▶ [Task description] In the entries below, find the line with "barna kockás esernyő, bőr fogantyú" and the line with "两副对联既叙述了宗祠的地理环", then retype both and everything between them exactly. Do not copy the pictures.
** Provided material follows **
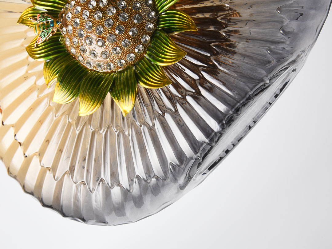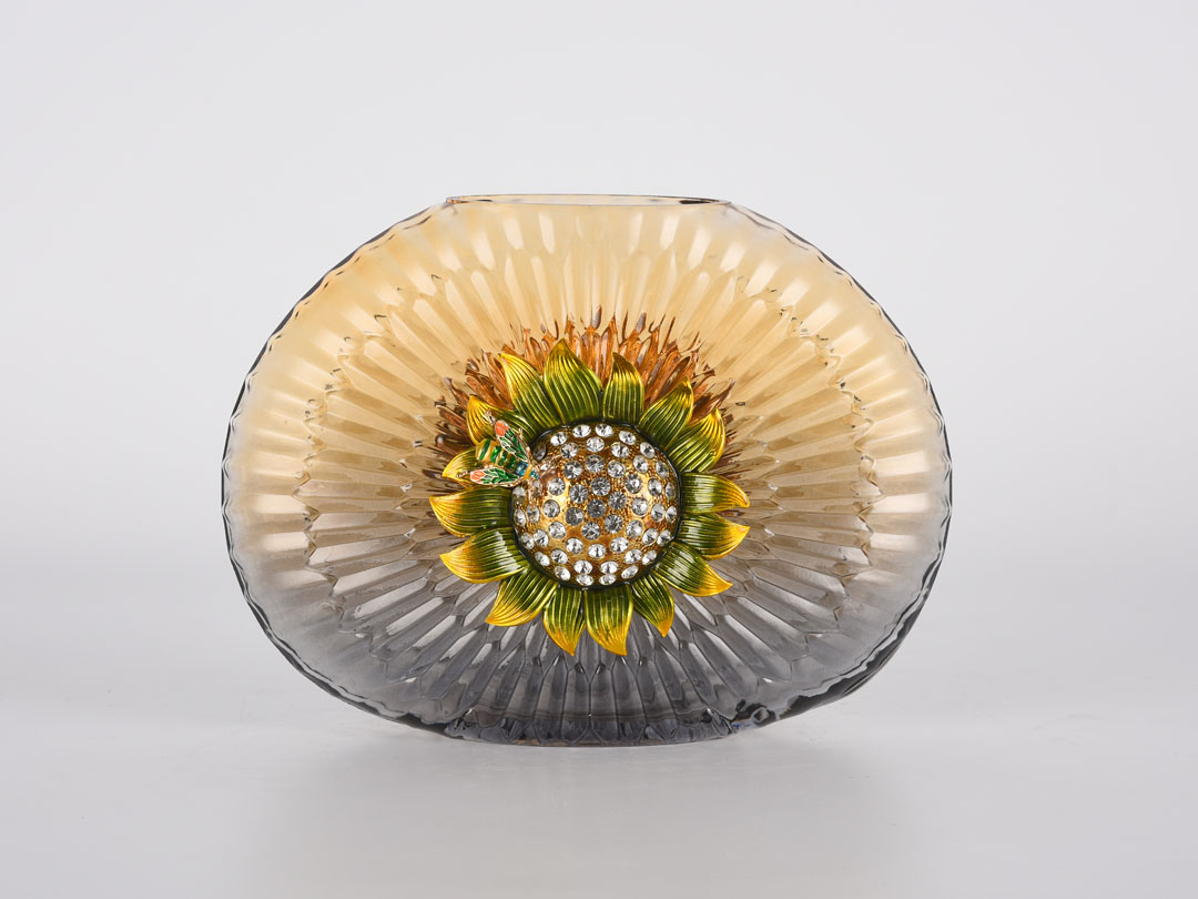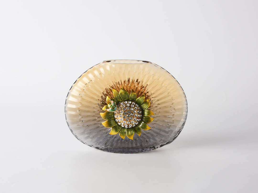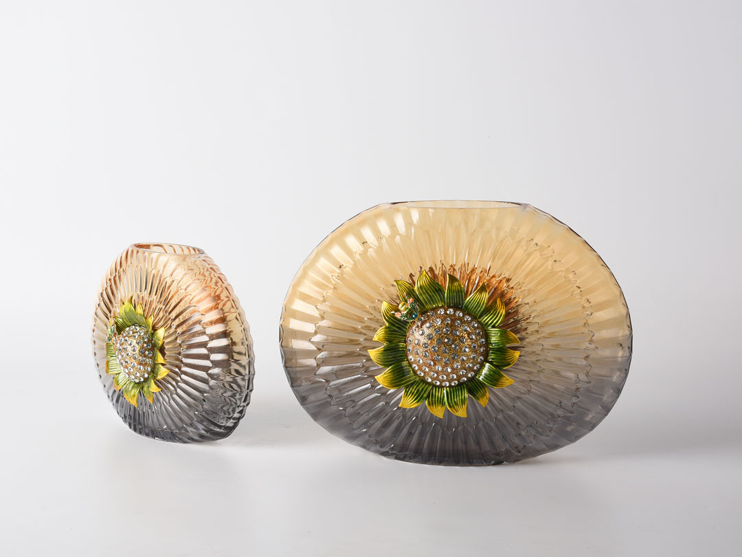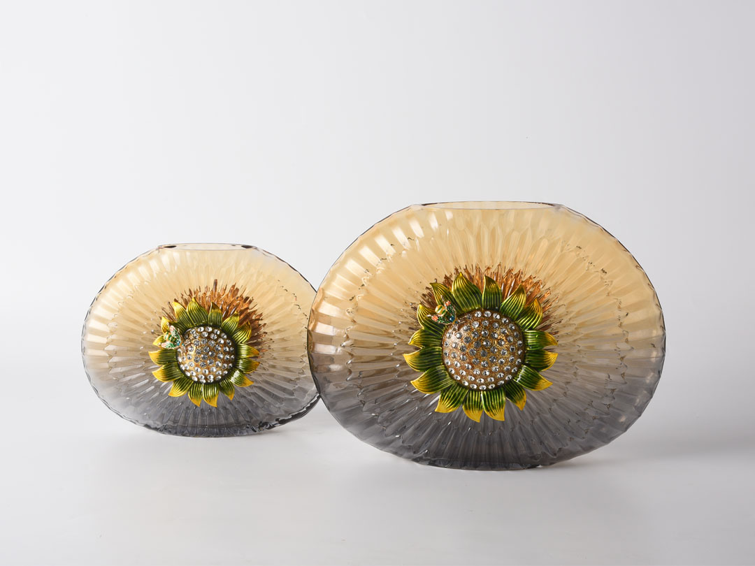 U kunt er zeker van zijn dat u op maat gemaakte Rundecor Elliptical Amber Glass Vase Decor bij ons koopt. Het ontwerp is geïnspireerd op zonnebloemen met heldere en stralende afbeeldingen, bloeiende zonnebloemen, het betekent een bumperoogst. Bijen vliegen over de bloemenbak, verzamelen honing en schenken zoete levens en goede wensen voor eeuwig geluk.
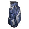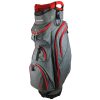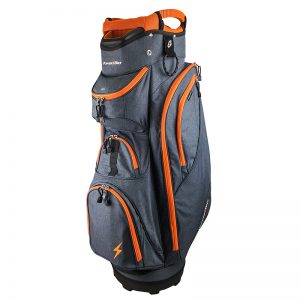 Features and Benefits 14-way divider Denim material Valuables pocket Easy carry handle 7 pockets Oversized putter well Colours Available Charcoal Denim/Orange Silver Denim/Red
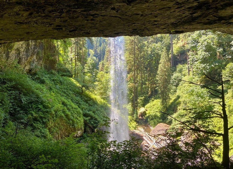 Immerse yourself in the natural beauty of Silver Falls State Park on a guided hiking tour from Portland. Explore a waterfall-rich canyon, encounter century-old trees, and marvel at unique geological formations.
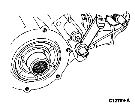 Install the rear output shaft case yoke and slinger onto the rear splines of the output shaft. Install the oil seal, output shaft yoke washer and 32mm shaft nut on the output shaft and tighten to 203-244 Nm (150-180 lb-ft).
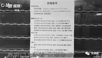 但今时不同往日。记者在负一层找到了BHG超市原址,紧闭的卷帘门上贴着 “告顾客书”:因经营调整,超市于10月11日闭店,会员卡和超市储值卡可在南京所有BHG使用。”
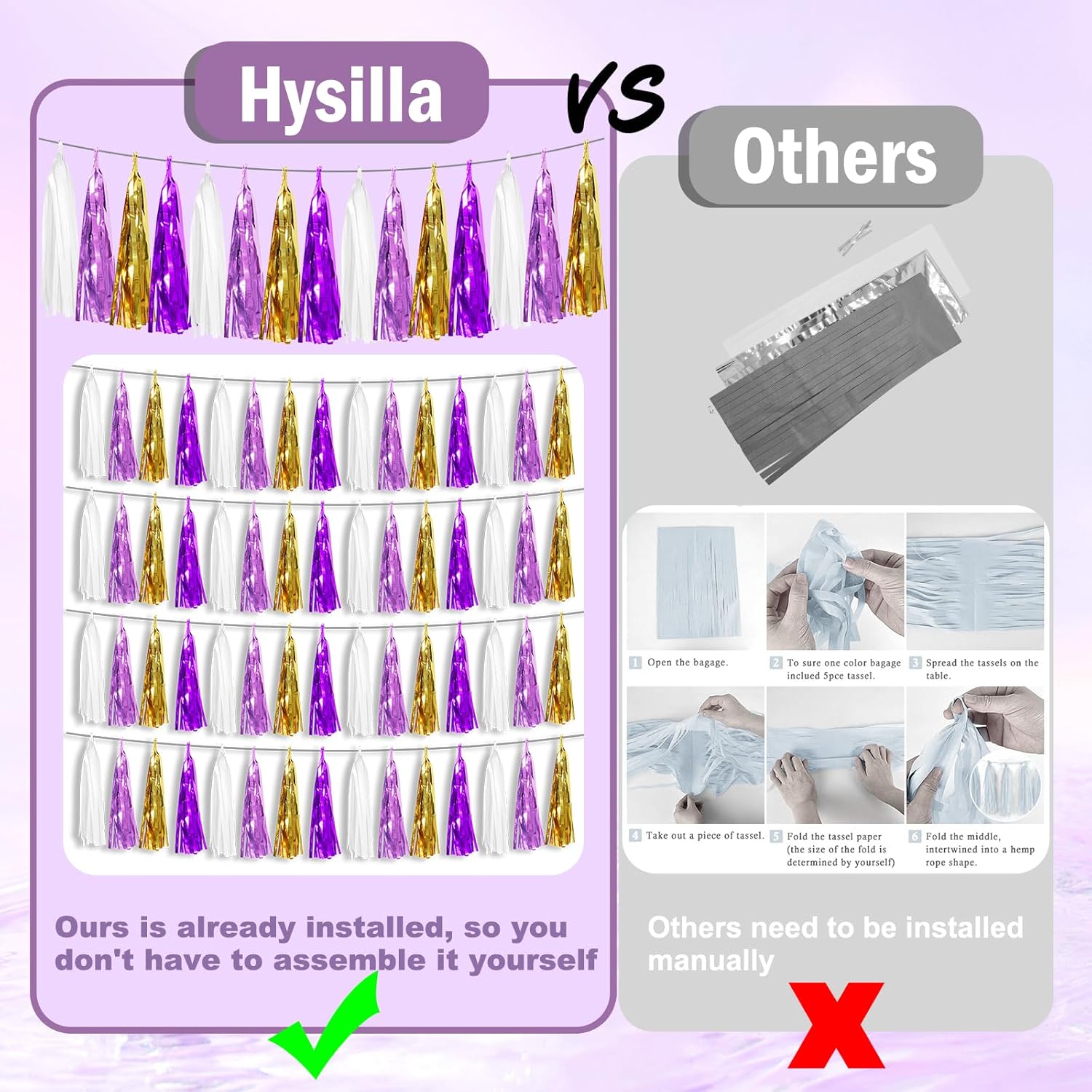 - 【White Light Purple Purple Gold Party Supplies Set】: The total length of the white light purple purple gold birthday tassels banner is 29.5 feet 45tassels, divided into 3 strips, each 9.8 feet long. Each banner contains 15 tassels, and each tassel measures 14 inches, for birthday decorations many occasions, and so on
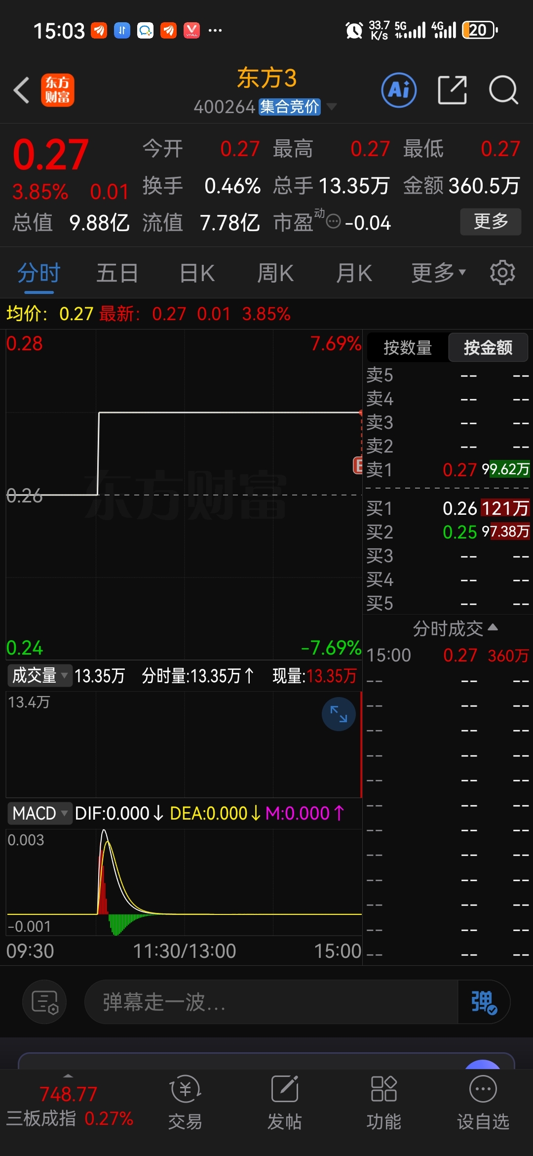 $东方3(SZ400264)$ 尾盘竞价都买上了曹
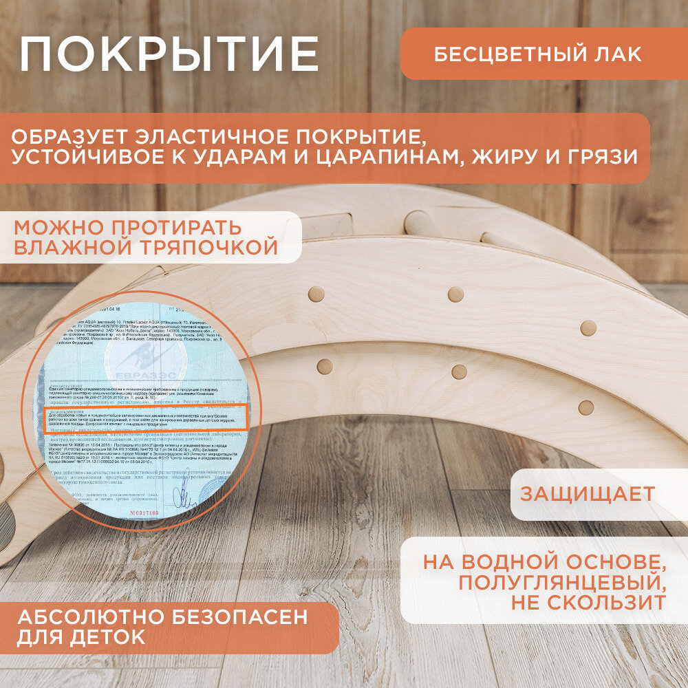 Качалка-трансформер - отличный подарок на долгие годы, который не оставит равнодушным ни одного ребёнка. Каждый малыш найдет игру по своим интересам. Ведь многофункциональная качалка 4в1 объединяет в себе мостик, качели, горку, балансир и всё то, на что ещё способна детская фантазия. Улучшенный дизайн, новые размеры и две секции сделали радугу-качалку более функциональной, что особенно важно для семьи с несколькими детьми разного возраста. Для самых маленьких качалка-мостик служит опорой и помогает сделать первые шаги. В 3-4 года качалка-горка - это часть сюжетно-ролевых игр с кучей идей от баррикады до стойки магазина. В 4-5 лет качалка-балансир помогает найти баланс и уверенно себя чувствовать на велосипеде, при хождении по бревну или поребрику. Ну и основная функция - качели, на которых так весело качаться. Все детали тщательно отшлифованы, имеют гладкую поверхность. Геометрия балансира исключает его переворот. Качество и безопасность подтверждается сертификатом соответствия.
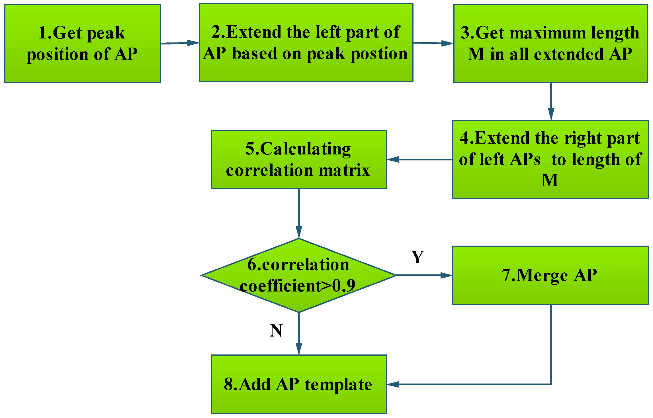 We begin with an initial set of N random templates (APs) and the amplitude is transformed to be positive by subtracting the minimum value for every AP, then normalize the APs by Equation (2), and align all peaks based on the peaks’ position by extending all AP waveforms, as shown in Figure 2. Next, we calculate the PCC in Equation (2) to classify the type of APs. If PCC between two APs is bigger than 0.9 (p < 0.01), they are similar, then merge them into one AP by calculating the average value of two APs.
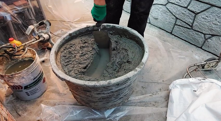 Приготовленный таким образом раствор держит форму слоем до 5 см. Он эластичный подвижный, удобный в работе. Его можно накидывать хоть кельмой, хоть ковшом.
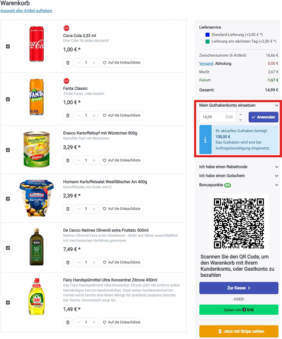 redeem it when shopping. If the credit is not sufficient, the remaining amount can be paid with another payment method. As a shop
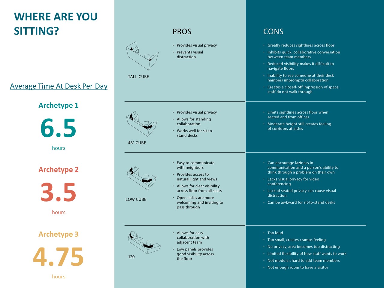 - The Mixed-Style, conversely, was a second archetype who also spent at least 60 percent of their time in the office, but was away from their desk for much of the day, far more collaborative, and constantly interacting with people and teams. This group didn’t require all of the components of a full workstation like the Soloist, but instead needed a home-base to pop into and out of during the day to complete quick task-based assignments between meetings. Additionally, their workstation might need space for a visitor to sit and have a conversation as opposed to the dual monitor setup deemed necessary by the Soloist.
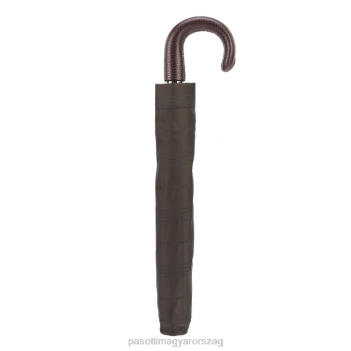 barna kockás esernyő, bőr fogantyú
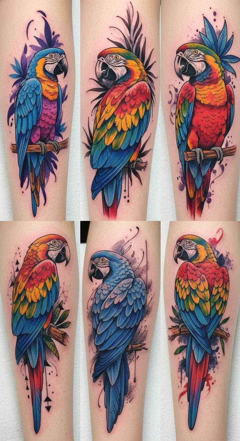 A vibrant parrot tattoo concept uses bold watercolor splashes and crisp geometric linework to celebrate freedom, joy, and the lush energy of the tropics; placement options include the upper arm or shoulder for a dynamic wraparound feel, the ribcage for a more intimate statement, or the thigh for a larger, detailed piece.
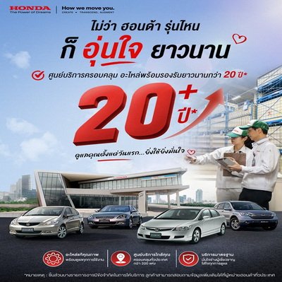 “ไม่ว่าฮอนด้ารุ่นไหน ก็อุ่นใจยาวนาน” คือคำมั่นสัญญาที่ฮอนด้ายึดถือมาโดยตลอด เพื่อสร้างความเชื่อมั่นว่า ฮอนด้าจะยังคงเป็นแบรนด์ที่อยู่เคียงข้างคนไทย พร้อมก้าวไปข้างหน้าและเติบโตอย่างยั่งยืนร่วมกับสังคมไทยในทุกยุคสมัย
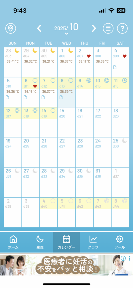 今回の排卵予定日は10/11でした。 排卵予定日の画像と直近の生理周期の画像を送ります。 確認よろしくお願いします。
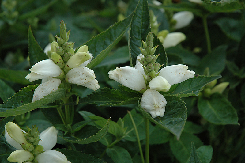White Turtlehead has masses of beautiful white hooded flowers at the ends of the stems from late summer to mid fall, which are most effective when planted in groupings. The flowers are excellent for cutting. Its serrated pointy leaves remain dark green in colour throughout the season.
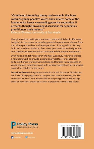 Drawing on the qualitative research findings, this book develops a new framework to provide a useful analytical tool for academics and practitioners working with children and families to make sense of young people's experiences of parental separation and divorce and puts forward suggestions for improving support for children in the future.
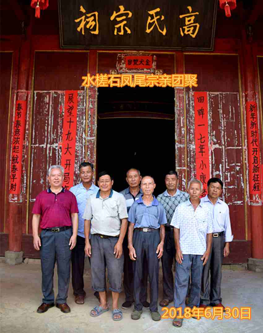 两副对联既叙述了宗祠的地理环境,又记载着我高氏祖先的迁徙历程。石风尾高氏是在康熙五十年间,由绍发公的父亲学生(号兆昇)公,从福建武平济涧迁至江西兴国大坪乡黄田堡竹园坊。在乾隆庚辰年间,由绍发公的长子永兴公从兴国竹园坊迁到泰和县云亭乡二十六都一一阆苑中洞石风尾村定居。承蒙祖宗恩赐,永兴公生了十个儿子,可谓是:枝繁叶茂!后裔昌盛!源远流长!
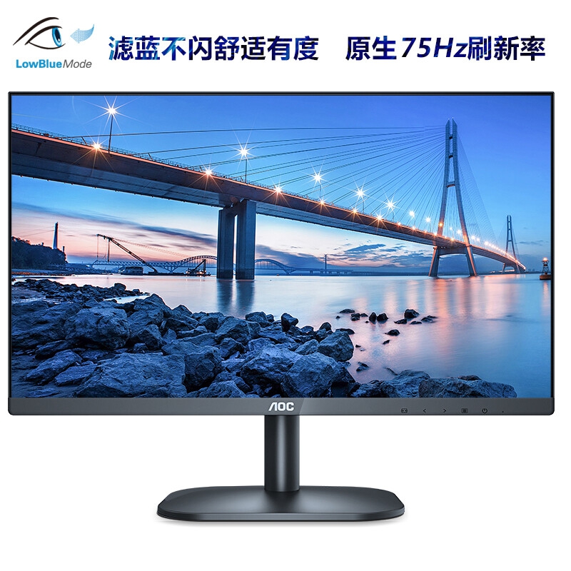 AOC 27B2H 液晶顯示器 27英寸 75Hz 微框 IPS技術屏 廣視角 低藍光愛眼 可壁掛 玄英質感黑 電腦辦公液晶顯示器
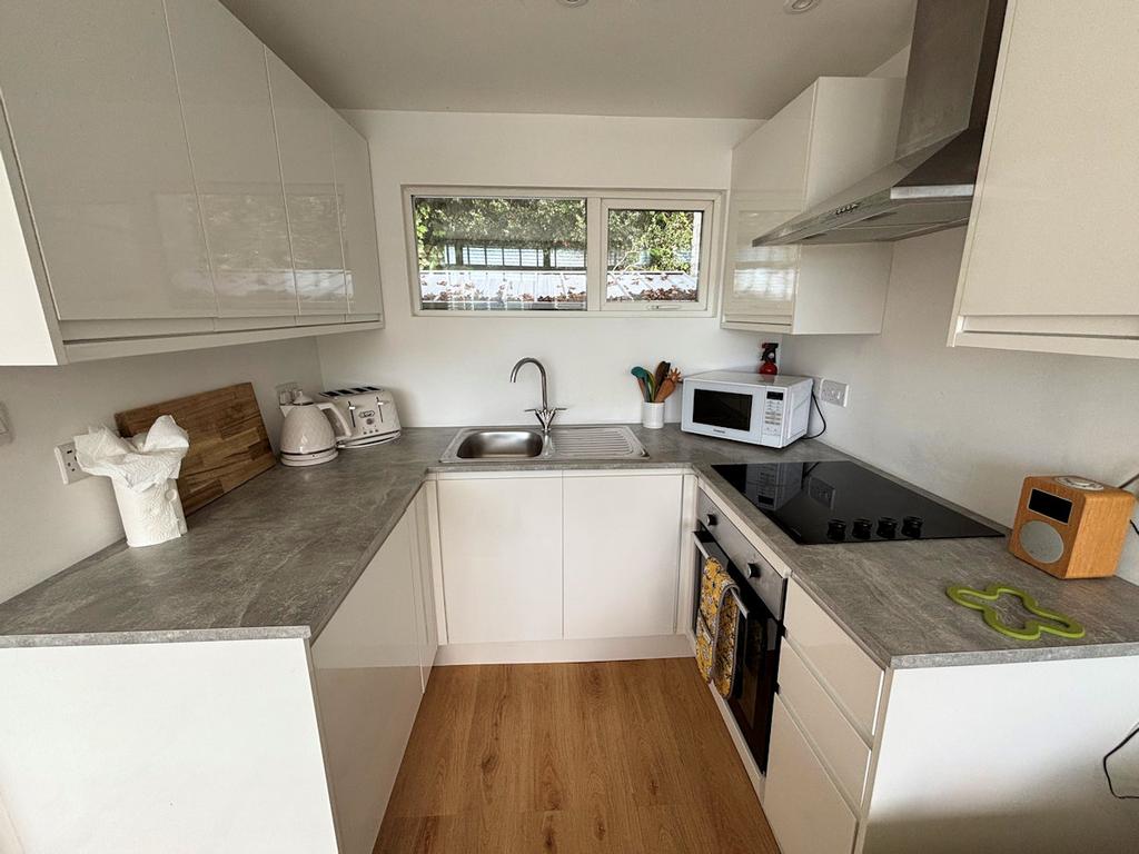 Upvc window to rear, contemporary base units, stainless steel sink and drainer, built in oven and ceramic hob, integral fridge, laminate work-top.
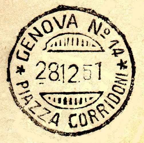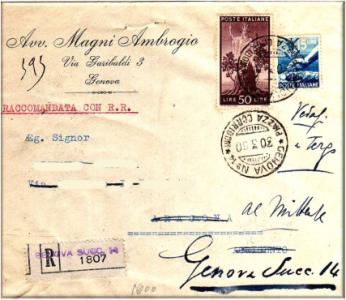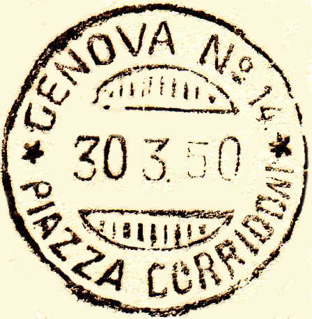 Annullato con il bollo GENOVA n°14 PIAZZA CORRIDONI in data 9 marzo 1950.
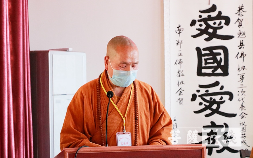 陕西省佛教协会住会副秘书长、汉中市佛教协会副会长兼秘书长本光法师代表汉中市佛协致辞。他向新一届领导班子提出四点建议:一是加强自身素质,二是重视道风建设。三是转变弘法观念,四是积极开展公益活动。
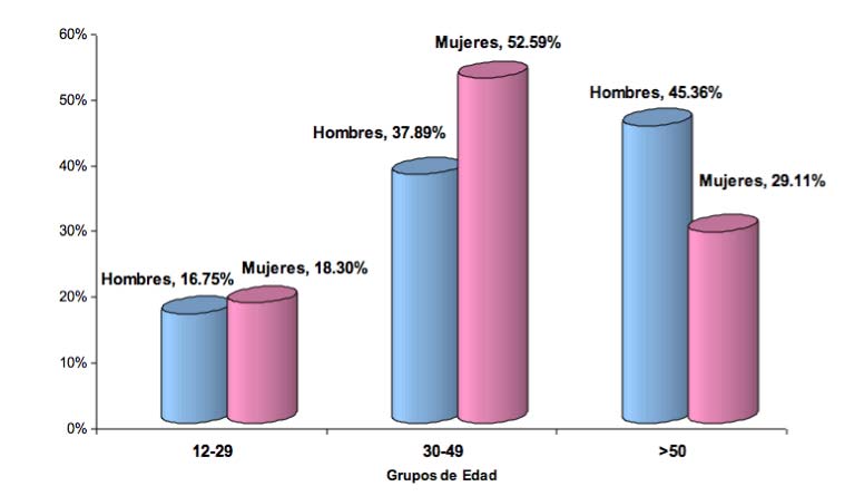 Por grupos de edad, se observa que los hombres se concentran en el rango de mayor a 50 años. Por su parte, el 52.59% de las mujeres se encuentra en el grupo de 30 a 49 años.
** End of Provided material **
▶ [Expected output]
 barna kockás esernyő, bőr fogantyú
 A vibrant parrot tattoo concept uses bold watercolor splashes and crisp geometric linework to celebrate freedom, joy, and the lush energy of the tropics; placement options include the upper arm or shoulder for a dynamic wraparound feel, the ribcage for a more intimate statement, or the thigh for a larger, detailed piece.
 “ไม่ว่าฮอนด้ารุ่นไหน ก็อุ่นใจยาวนาน” คือคำมั่นสัญญาที่ฮอนด้ายึดถือมาโดยตลอด เพื่อสร้างความเชื่อมั่นว่า ฮอนด้าจะยังคงเป็นแบรนด์ที่อยู่เคียงข้างคนไทย พร้อมก้าวไปข้างหน้าและเติบโตอย่างยั่งยืนร่วมกับสังคมไทยในทุกยุคสมัย
 今回の排卵予定日は10/11でした。 排卵予定日の画像と直近の生理周期の画像を送ります。 確認よろしくお願いします。
White Turtlehead has masses of beautiful white hooded flowers at the ends of the stems from late summer to mid fall, which are most effective when planted in groupings. The flowers are excellent for cutting. Its serrated pointy leaves remain dark green in colour throughout the season.
 Drawing on the qualitative research findings, this book develops a new framework to provide a useful analytical tool for academics and practitioners working with children and families to make sense of young people's experiences of parental separation and divorce and puts forward suggestions for improving support for children in the future.
 两副对联既叙述了宗祠的地理环境,又记载着我高氏祖先的迁徙历程。石风尾高氏是在康熙五十年间,由绍发公的父亲学生(号兆昇)公,从福建武平济涧迁至江西兴国大坪乡黄田堡竹园坊。在乾隆庚辰年间,由绍发公的长子永兴公从兴国竹园坊迁到泰和县云亭乡二十六都一一阆苑中洞石风尾村定居。承蒙祖宗恩赐,永兴公生了十个儿子,可谓是:枝繁叶茂!后裔昌盛!源远流长!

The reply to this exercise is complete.